BEGIN Records for the exercise
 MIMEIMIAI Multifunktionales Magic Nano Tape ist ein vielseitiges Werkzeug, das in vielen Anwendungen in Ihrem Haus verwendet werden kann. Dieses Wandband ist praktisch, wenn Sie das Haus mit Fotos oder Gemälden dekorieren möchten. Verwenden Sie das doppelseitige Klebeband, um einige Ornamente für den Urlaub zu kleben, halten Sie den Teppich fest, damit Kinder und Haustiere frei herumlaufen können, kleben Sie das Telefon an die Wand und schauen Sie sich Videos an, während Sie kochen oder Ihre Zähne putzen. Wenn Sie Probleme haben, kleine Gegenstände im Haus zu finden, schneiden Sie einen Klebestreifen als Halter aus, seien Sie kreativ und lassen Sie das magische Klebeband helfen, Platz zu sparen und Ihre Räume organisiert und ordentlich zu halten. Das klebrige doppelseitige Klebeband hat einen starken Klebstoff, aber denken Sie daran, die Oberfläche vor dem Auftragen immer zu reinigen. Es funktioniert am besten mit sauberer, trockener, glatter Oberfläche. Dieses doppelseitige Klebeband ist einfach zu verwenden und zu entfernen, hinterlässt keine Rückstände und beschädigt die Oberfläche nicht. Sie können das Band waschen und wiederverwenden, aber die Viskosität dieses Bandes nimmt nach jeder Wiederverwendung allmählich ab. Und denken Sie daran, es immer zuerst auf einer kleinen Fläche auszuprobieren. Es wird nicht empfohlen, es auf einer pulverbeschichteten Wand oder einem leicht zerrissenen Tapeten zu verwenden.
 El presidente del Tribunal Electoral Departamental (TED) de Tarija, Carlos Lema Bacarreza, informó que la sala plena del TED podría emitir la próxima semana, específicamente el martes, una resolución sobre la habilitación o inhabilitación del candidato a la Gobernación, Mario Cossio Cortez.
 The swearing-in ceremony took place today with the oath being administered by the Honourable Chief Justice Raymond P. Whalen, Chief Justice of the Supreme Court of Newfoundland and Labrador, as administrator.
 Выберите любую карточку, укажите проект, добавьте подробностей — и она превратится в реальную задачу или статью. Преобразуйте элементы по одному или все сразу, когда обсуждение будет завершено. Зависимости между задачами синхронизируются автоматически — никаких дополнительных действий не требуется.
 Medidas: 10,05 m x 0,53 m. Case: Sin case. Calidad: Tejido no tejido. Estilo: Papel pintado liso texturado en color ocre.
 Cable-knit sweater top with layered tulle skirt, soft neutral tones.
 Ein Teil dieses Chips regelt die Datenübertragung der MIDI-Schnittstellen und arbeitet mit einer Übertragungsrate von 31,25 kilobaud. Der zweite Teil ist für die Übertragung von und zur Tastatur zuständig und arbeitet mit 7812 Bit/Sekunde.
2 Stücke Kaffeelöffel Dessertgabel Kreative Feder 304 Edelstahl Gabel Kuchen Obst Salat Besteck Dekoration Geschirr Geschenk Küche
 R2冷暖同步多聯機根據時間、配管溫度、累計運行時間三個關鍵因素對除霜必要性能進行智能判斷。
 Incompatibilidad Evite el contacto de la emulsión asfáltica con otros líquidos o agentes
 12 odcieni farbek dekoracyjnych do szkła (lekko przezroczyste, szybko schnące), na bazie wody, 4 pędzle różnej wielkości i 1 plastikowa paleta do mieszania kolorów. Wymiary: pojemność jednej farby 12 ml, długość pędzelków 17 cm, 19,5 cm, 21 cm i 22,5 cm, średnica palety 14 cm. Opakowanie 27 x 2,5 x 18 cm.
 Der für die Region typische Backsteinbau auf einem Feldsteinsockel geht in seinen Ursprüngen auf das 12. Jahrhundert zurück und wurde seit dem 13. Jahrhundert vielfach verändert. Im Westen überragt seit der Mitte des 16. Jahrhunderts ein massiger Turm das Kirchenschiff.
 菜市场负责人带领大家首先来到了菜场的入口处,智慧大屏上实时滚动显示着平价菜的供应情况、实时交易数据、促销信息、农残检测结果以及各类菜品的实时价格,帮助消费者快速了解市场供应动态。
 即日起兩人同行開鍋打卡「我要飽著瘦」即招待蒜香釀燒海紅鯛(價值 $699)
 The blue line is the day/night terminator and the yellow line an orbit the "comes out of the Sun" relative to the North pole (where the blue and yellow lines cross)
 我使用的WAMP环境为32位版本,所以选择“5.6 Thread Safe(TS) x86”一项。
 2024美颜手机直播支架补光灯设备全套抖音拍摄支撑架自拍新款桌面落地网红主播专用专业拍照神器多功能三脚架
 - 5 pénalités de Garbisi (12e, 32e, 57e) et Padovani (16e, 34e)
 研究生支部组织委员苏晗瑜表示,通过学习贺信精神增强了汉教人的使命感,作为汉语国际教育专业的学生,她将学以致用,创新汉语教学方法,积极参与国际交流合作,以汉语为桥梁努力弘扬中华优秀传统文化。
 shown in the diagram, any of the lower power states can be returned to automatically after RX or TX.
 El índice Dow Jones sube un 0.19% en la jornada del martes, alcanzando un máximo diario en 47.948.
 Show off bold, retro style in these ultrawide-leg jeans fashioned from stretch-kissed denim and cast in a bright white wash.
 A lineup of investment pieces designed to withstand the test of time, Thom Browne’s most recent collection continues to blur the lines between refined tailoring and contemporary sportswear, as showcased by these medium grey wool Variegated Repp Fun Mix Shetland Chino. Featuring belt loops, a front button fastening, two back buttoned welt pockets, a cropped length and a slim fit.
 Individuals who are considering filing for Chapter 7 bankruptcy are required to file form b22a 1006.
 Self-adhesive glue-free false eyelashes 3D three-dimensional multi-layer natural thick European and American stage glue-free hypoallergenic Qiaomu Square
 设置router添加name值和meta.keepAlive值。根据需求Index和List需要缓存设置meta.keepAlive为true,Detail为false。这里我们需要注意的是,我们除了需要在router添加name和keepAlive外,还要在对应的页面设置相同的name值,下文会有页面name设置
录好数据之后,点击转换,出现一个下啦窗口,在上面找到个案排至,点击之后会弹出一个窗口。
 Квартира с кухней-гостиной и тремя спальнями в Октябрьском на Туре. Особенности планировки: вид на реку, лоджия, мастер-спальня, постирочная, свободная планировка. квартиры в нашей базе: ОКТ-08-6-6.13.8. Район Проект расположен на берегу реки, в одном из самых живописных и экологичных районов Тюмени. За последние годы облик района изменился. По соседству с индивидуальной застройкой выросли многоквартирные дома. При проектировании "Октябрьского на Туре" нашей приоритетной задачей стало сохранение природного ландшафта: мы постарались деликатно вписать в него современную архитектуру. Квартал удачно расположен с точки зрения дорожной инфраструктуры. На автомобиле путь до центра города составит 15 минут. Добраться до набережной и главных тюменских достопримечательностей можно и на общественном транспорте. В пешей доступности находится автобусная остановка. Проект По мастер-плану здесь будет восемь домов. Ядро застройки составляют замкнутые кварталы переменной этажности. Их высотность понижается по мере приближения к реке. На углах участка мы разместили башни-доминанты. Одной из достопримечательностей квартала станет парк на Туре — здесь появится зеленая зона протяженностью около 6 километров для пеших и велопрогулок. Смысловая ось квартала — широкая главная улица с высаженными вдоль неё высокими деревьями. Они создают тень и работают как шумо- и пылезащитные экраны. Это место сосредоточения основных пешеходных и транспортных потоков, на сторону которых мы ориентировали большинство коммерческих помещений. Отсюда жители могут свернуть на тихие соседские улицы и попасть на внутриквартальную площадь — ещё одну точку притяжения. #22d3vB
END Records for the exercise
Required action:
All that is wanted is the stretch of lines above from the one containing "A lineup of" through the one containing "录好数据之后,点击转换,出现", duplicated exactly.

Result:
 A lineup of investment pieces designed to withstand the test of time, Thom Browne’s most recent collection continues to blur the lines between refined tailoring and contemporary sportswear, as showcased by these medium grey wool Variegated Repp Fun Mix Shetland Chino. Featuring belt loops, a front button fastening, two back buttoned welt pockets, a cropped length and a slim fit.
 Individuals who are considering filing for Chapter 7 bankruptcy are required to file form b22a 1006.
 Self-adhesive glue-free false eyelashes 3D three-dimensional multi-layer natural thick European and American stage glue-free hypoallergenic Qiaomu Square
 设置router添加name值和meta.keepAlive值。根据需求Index和List需要缓存设置meta.keepAlive为true,Detail为false。这里我们需要注意的是,我们除了需要在router添加name和keepAlive外,还要在对应的页面设置相同的name值,下文会有页面name设置
录好数据之后,点击转换,出现一个下啦窗口,在上面找到个案排至,点击之后会弹出一个窗口。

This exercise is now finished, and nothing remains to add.